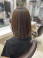 オリーブブラウンなカラーで透明感のあるミディアムレイヤーのスタイルです。
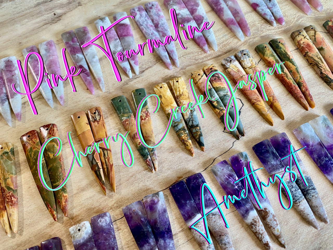 ★ I wire wrap these real crystal spike earrings by hand from raw gemstones which have been cut into a long smooth spike shape (in your choice of Cherry Creek Jasper, Pink Tourmaline, or Amethyst onto rounded spiral earrings hooks. The hooks are available in real sterling silver, real 14k gold vermeil, or real 14k rose gold vermeil. Earring hooks are hypoallergenic and great for sensitive ears! Each stone measures approximately 10mm wide x 45-55mm long. Earrings come in a custom gift pouch, ready to gift or keep!
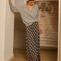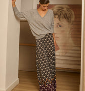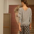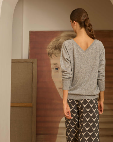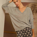 Jersey gris de manga larga con hilatura con un sutil brillo. Tiene escote pico en la parte delantera y trasera
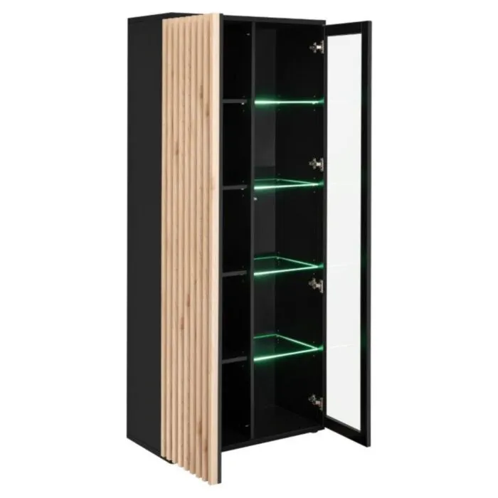 Visoka vitrina KAMERON je elegantna ter atraktivna. Moderen dizajn z dodatki, črnega stekla ter lamelami v svetlem hrastu, se bo podal v vsak prostor. Vitrina ima kombinacijo črnega stekla katera vsebuje steklene police. Katere imajo še dodatno led osvetlitev.
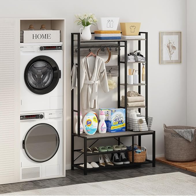 - 【5-in-1 Freestanding Hall Tree】Enhance your entryway with versatile 5-in-1 hall tree. Combining a coat rack, reversible 5 tier shelves, entryway shoe bench, 7 hanging hooks, clothes rail with 5 removable hooks, this hall tree offers both style and functionality. Keep your space impeccably organized with abundant storage for shoes, bags, coats, and more, all while adding a charming touch to your hallway.
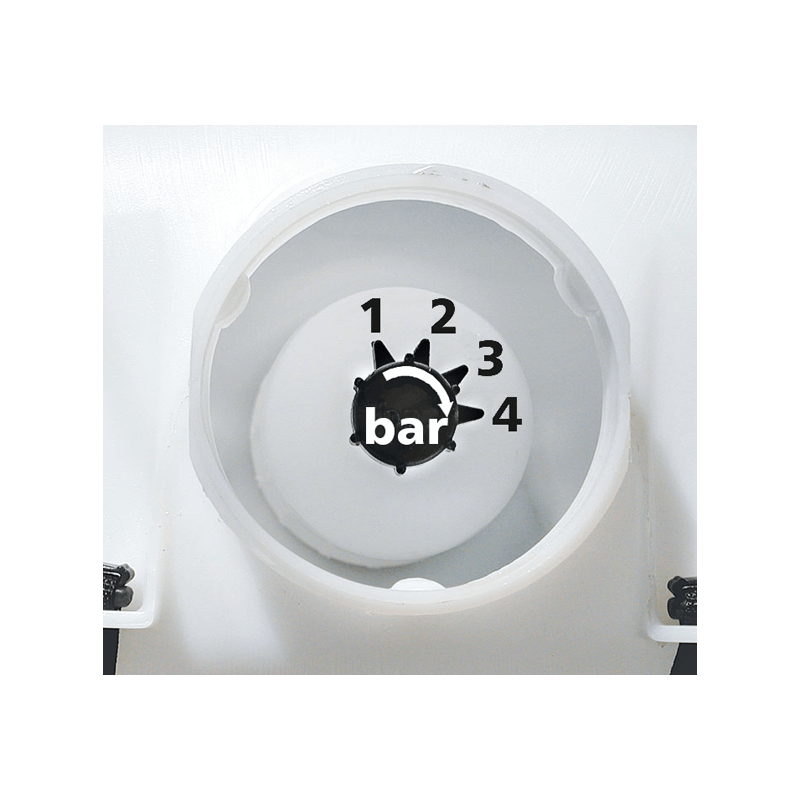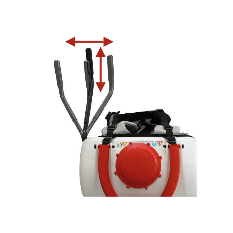 Podręczna pompa ciśnieniowa. Kilka ruchów wystarczy na wytworzenie ciśnienia oprysku dalekiego zasięgu. Umiejscowienie dźwigni pompy tuz przy biodrze operatora zapobiega przerywaniu pracy i pozwala na utrzymanie jednolitego ciśnienia oprysku.
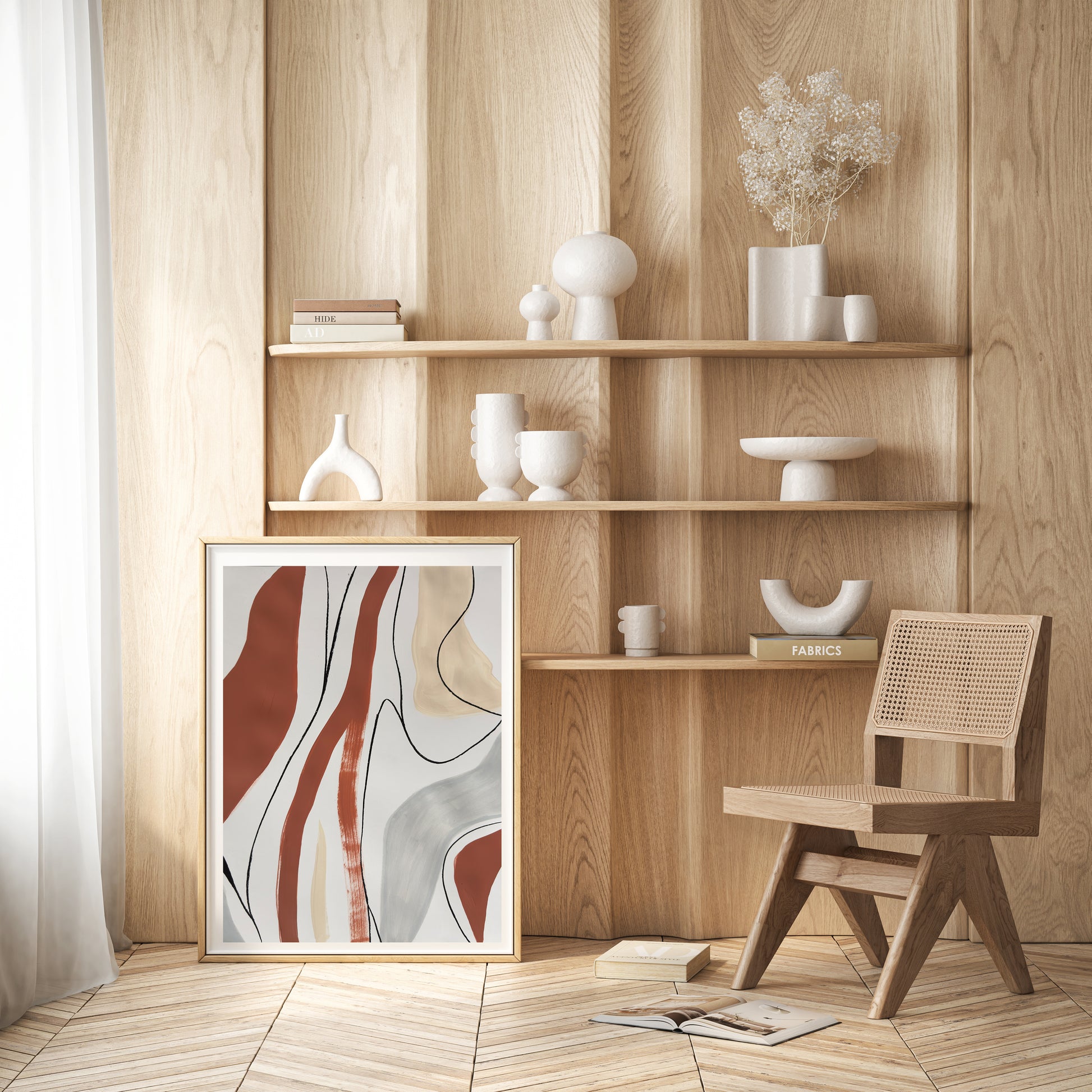 Warm neutrals glow like fading embers, held in place by cool charcoal strokes. This minimalist piece captures the fleeting beauty of twilight, a reminder to cherish the present moment.
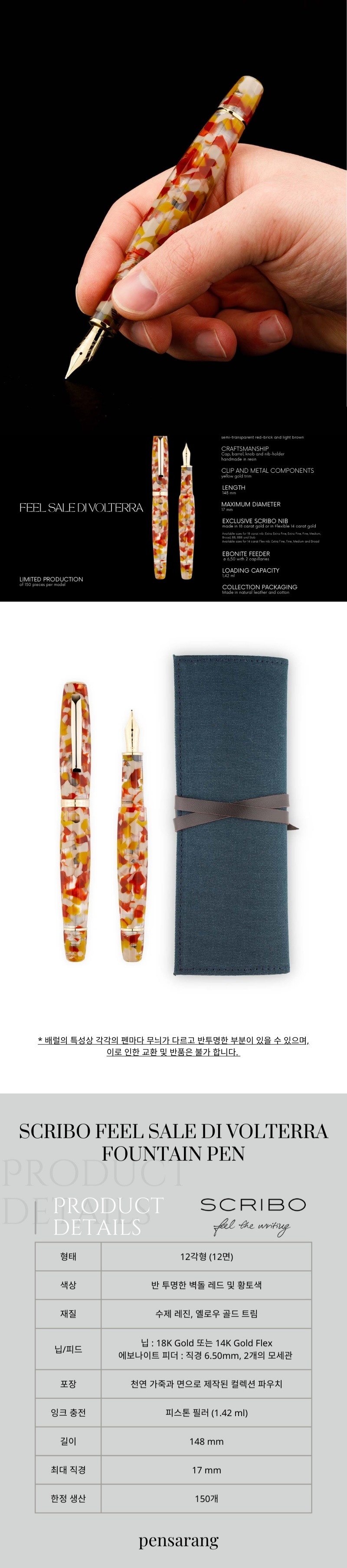 수작업으로 제작되는 필기구의 특성상, 각 펜마다 고유한 패턴과 무늬를 지니고 있습니다. 같은 제품이라도 배럴의 무늬, 패턴, 질감, 칠 등의 표현이 일정하지 않을 수 있으며 상품 페이지의 이미지와 다소 상이할 수 있습니다. 이는 수작업으로 제작된 제품의 자연스러운 특성으로 제품 하자의 사유로 간주되지 않습니다.
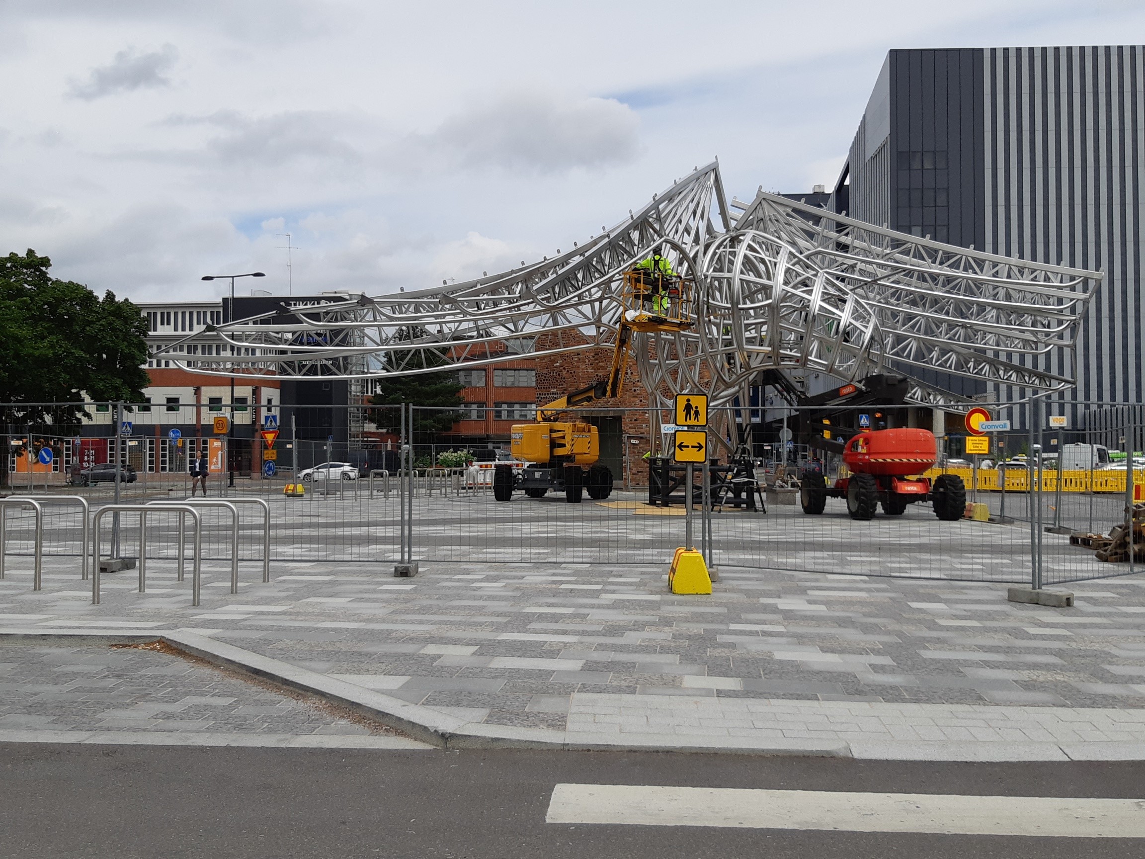 Tikkurilan aseman tuntumassa oleva Carl Albert Edelfeltin aukio alkaa valmistua. Valmistumista viivästytti aluetta urakoineen yrityksen konkurssi. Alueen katseenvangitsijaksi tulevaa valtavaa Korppi veistosta valmistellaan aukiolla. Korppi nostetaan jo aukiolla olevan kierrätystiilistä muuratun jalustan päälle. Korppi veistoksen ovat toteuttaneet taiteijapariskunta Teija ja Pekka Isorättyä. Teos ei ole pelkästään katsottavaksi, vaan Korpin valtavat siivet tuovat myös suojaa sateelta…
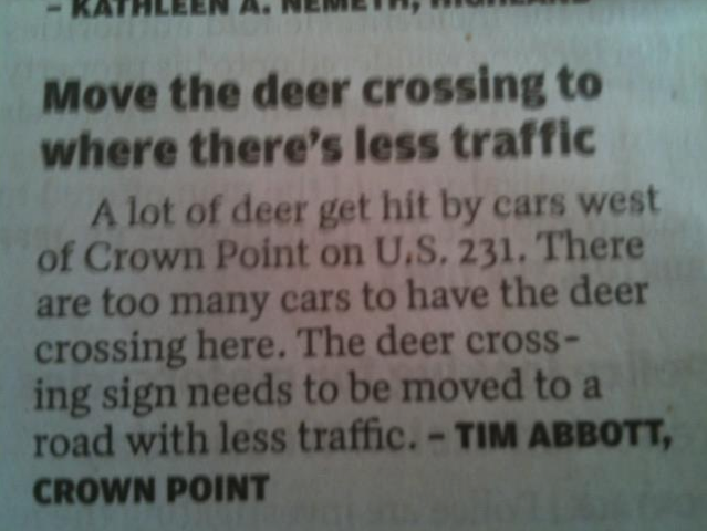 I’m waiting for Alex Nazaryan to write an editorial for the Daily News in which he criticizes deer for being “illiterate, blind or merely – this is our guess – oblivious to all man-made law.”
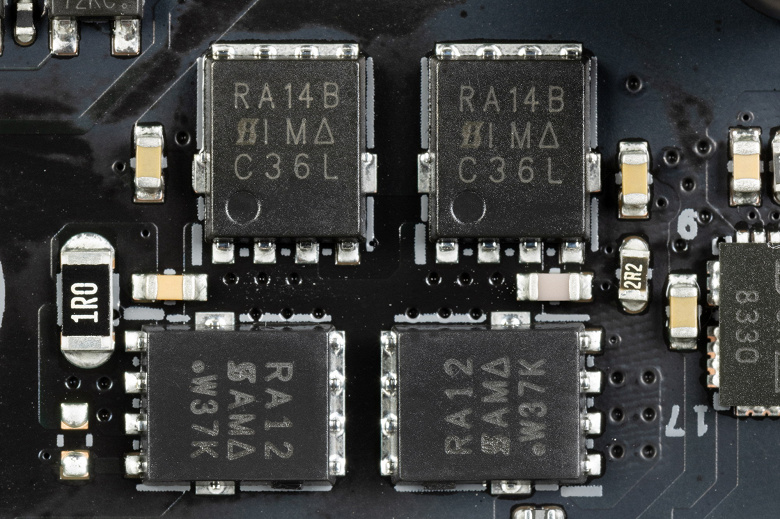 Ну и две фазы образованы уже не сборками, а отдельными полевыми транзисторами Vishay с максимальным током 58А.
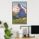 This is one in a series of posters celebrating the majestic peaks of the Cascade Range. Northwest artist Mitch Frey draws inspiration from the National Park advertisements of the 1930s-1940s. Great care is taken in rendering each shape and colour. Looking at the coordinated palette, elegant strokes and integrated text, the viewer will recognize that this is much more than a mass-produced image with interchangeable labels. This scene is a pleasure to view up close or across the room.
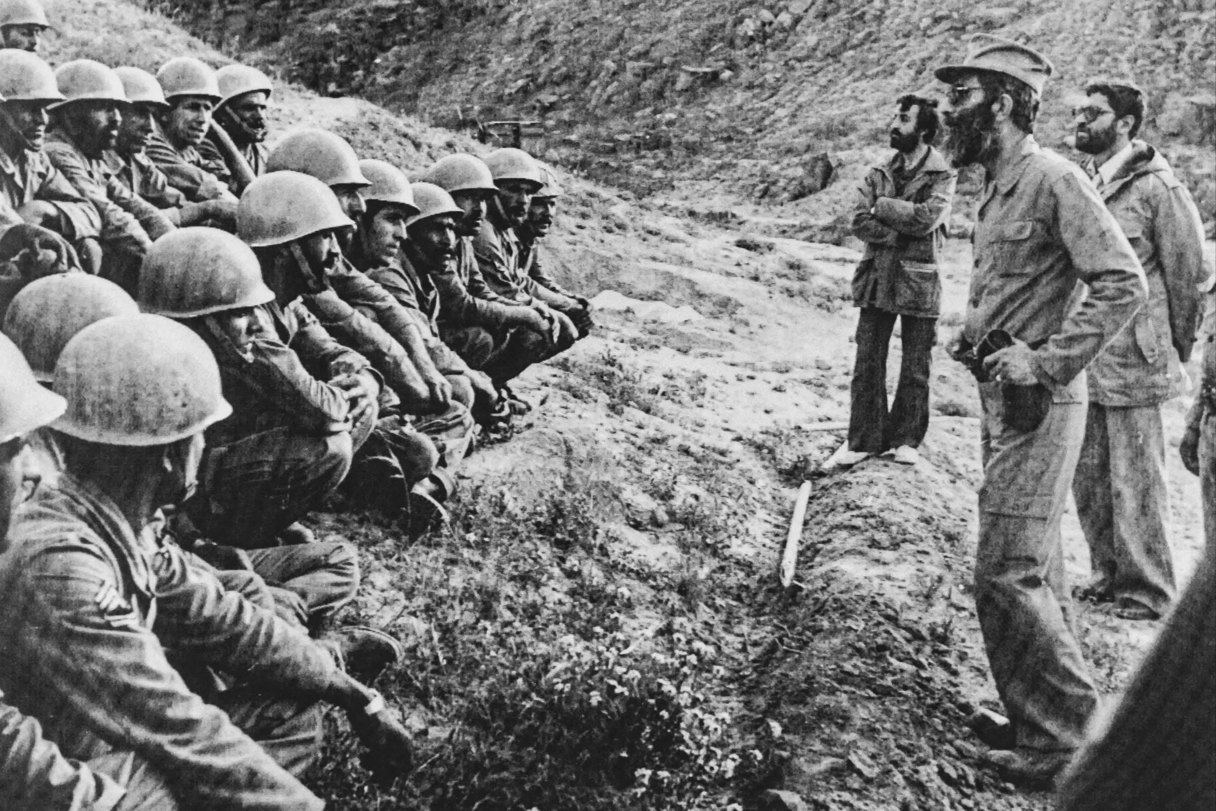 哈梅内伊(右立)在伊朗-伊拉克战争前线向坐着的伊朗士兵发表讲话。
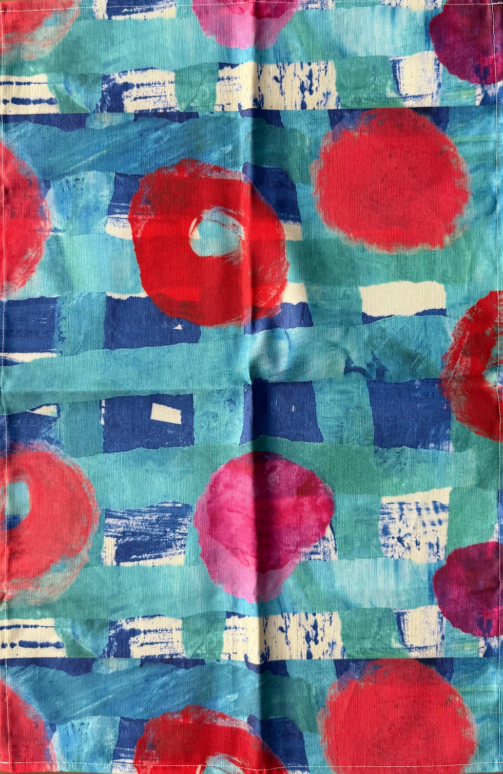 JuLeS Original Abstract Plaid & Circles Tea Towel
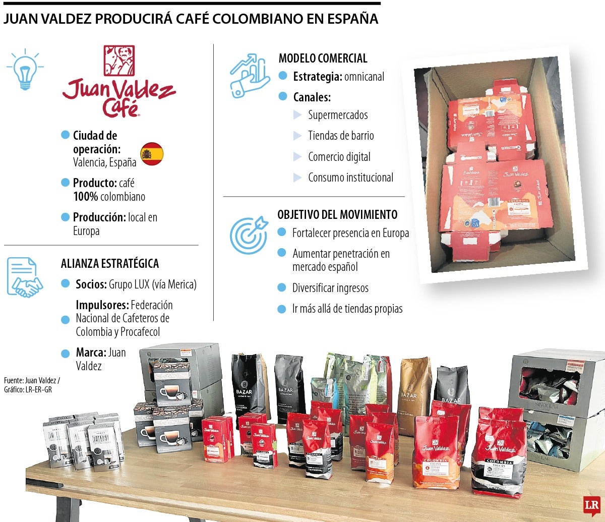 La Federación Nacional de Cafeteros de Colombia y Procafecol anunciaron un nuevo paso en su expansión internacional con la apuesta de Juan Valdez por el mercado español, mediante una alianza con el Grupo LUX, a través de su filial Merica. El anuncio se conoció a través de la cuenta en X de Germán Alberto Bahamón, gerente general del gremio, quien aseguró que “la meta es estar en todos los puntos de consumo”.
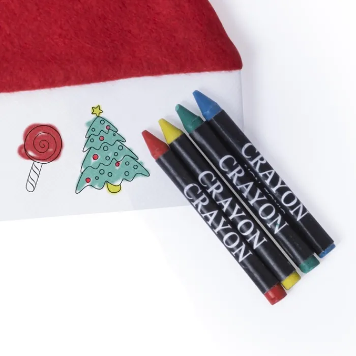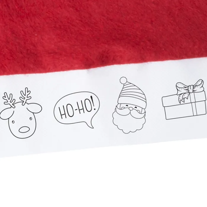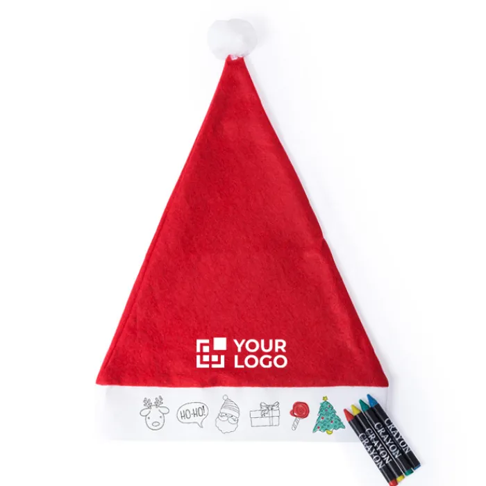 Cappello di Babbo Natale per bambini. La fascia frontale bianca è realizzata in tessuto non tessuto e riporta stampati dei simpatici disegni che potranno essere colorati con i colori a cera che sono inclusi.
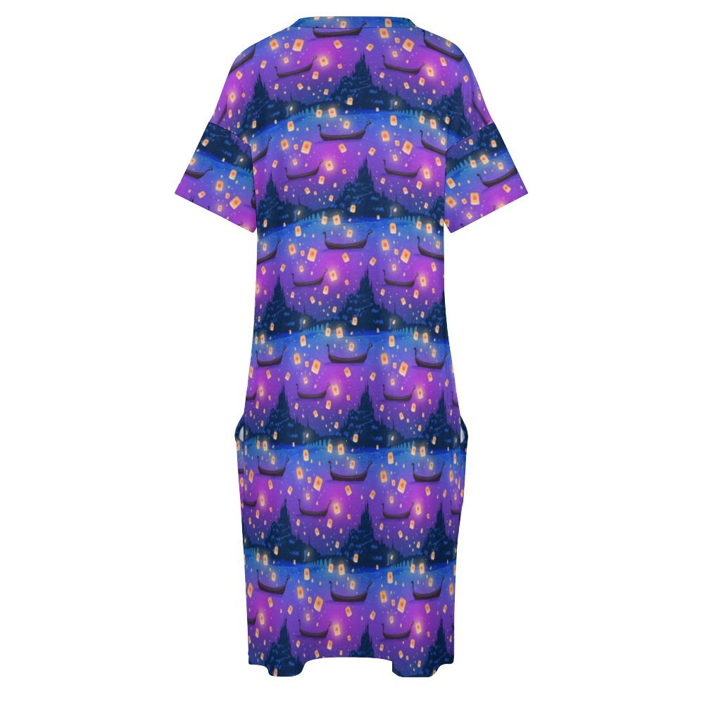 Disney Tangled Rapunzel Floating Lanterns Women's V-neck Loose Dress With Pockets

-------

- [Task instructions]
Print each line of the listing exactly and include no pictures.

- [Your response]
 オリーブブラウンなカラーで透明感のあるミディアムレイヤーのスタイルです。
 ★ I wire wrap these real crystal spike earrings by hand from raw gemstones which have been cut into a long smooth spike shape (in your choice of Cherry Creek Jasper, Pink Tourmaline, or Amethyst onto rounded spiral earrings hooks. The hooks are available in real sterling silver, real 14k gold vermeil, or real 14k rose gold vermeil. Earring hooks are hypoallergenic and great for sensitive ears! Each stone measures approximately 10mm wide x 45-55mm long. Earrings come in a custom gift pouch, ready to gift or keep!
 Jersey gris de manga larga con hilatura con un sutil brillo. Tiene escote pico en la parte delantera y trasera
 Visoka vitrina KAMERON je elegantna ter atraktivna. Moderen dizajn z dodatki, črnega stekla ter lamelami v svetlem hrastu, se bo podal v vsak prostor. Vitrina ima kombinacijo črnega stekla katera vsebuje steklene police. Katere imajo še dodatno led osvetlitev.
 - 【5-in-1 Freestanding Hall Tree】Enhance your entryway with versatile 5-in-1 hall tree. Combining a coat rack, reversible 5 tier shelves, entryway shoe bench, 7 hanging hooks, clothes rail with 5 removable hooks, this hall tree offers both style and functionality. Keep your space impeccably organized with abundant storage for shoes, bags, coats, and more, all while adding a charming touch to your hallway.
 Podręczna pompa ciśnieniowa. Kilka ruchów wystarczy na wytworzenie ciśnienia oprysku dalekiego zasięgu. Umiejscowienie dźwigni pompy tuz przy biodrze operatora zapobiega przerywaniu pracy i pozwala na utrzymanie jednolitego ciśnienia oprysku.
 Warm neutrals glow like fading embers, held in place by cool charcoal strokes. This minimalist piece captures the fleeting beauty of twilight, a reminder to cherish the present moment.
 수작업으로 제작되는 필기구의 특성상, 각 펜마다 고유한 패턴과 무늬를 지니고 있습니다. 같은 제품이라도 배럴의 무늬, 패턴, 질감, 칠 등의 표현이 일정하지 않을 수 있으며 상품 페이지의 이미지와 다소 상이할 수 있습니다. 이는 수작업으로 제작된 제품의 자연스러운 특성으로 제품 하자의 사유로 간주되지 않습니다.
 Tikkurilan aseman tuntumassa oleva Carl Albert Edelfeltin aukio alkaa valmistua. Valmistumista viivästytti aluetta urakoineen yrityksen konkurssi. Alueen katseenvangitsijaksi tulevaa valtavaa Korppi veistosta valmistellaan aukiolla. Korppi nostetaan jo aukiolla olevan kierrätystiilistä muuratun jalustan päälle. Korppi veistoksen ovat toteuttaneet taiteijapariskunta Teija ja Pekka Isorättyä. Teos ei ole pelkästään katsottavaksi, vaan Korpin valtavat siivet tuovat myös suojaa sateelta…
 I’m waiting for Alex Nazaryan to write an editorial for the Daily News in which he criticizes deer for being “illiterate, blind or merely – this is our guess – oblivious to all man-made law.”
 Ну и две фазы образованы уже не сборками, а отдельными полевыми транзисторами Vishay с максимальным током 58А.
 This is one in a series of posters celebrating the majestic peaks of the Cascade Range. Northwest artist Mitch Frey draws inspiration from the National Park advertisements of the 1930s-1940s. Great care is taken in rendering each shape and colour. Looking at the coordinated palette, elegant strokes and integrated text, the viewer will recognize that this is much more than a mass-produced image with interchangeable labels. This scene is a pleasure to view up close or across the room.
 哈梅内伊(右立)在伊朗-伊拉克战争前线向坐着的伊朗士兵发表讲话。
 JuLeS Original Abstract Plaid & Circles Tea Towel
 La Federación Nacional de Cafeteros de Colombia y Procafecol anunciaron un nuevo paso en su expansión internacional con la apuesta de Juan Valdez por el mercado español, mediante una alianza con el Grupo LUX, a través de su filial Merica. El anuncio se conoció a través de la cuenta en X de Germán Alberto Bahamón, gerente general del gremio, quien aseguró que “la meta es estar en todos los puntos de consumo”.
 Cappello di Babbo Natale per bambini. La fascia frontale bianca è realizzata in tessuto non tessuto e riporta stampati dei simpatici disegni che potranno essere colorati con i colori a cera che sono inclusi.
 Disney Tangled Rapunzel Floating Lanterns Women's V-neck Loose Dress With Pockets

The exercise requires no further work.